WHAT YOU WILL DO -> Would you please copy the part of the material below that opens with the line containing "이승철이 결혼 일주일" and closes with the line containing "二、同方「臻爱」优选定期寿险"? Copy it exactly, and only it.

RECORDS FOR THE EXERCISE ->
= Beginning of Section =
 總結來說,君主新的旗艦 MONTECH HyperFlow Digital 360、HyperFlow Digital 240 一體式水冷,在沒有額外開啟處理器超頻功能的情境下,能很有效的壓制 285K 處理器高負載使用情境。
= End of Section =
= Beginning of Section =
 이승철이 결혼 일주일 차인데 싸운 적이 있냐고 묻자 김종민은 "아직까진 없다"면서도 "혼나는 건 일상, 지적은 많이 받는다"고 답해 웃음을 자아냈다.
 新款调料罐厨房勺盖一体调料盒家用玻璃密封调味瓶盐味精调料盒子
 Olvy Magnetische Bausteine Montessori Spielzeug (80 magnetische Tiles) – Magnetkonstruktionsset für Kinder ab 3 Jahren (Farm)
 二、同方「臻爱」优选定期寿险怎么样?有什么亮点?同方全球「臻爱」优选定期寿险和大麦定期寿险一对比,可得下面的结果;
= End of Section =
= Beginning of Section =
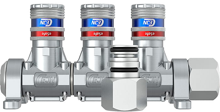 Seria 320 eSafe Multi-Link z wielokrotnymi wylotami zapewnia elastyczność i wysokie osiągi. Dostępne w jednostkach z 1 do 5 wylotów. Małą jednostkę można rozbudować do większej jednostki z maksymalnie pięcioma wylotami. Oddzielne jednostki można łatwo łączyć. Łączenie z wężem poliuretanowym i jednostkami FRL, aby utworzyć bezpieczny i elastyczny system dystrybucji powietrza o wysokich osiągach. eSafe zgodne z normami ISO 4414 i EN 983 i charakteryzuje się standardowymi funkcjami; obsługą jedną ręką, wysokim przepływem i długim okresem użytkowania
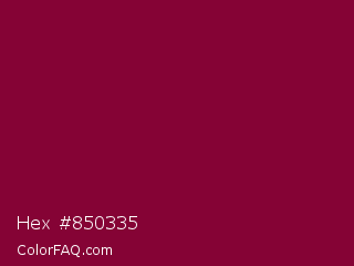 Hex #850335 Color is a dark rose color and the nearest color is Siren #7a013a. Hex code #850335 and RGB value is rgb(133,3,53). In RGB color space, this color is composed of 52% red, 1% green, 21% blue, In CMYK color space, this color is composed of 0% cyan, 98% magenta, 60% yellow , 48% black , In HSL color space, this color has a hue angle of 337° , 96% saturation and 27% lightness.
= End of Section =
OUTPUT OF THE TASK ->
 이승철이 결혼 일주일 차인데 싸운 적이 있냐고 묻자 김종민은 "아직까진 없다"면서도 "혼나는 건 일상, 지적은 많이 받는다"고 답해 웃음을 자아냈다.
 新款调料罐厨房勺盖一体调料盒家用玻璃密封调味瓶盐味精调料盒子
 Olvy Magnetische Bausteine Montessori Spielzeug (80 magnetische Tiles) – Magnetkonstruktionsset für Kinder ab 3 Jahren (Farm)
 二、同方「臻爱」优选定期寿险怎么样?有什么亮点?同方全球「臻爱」优选定期寿险和大麦定期寿险一对比,可得下面的结果;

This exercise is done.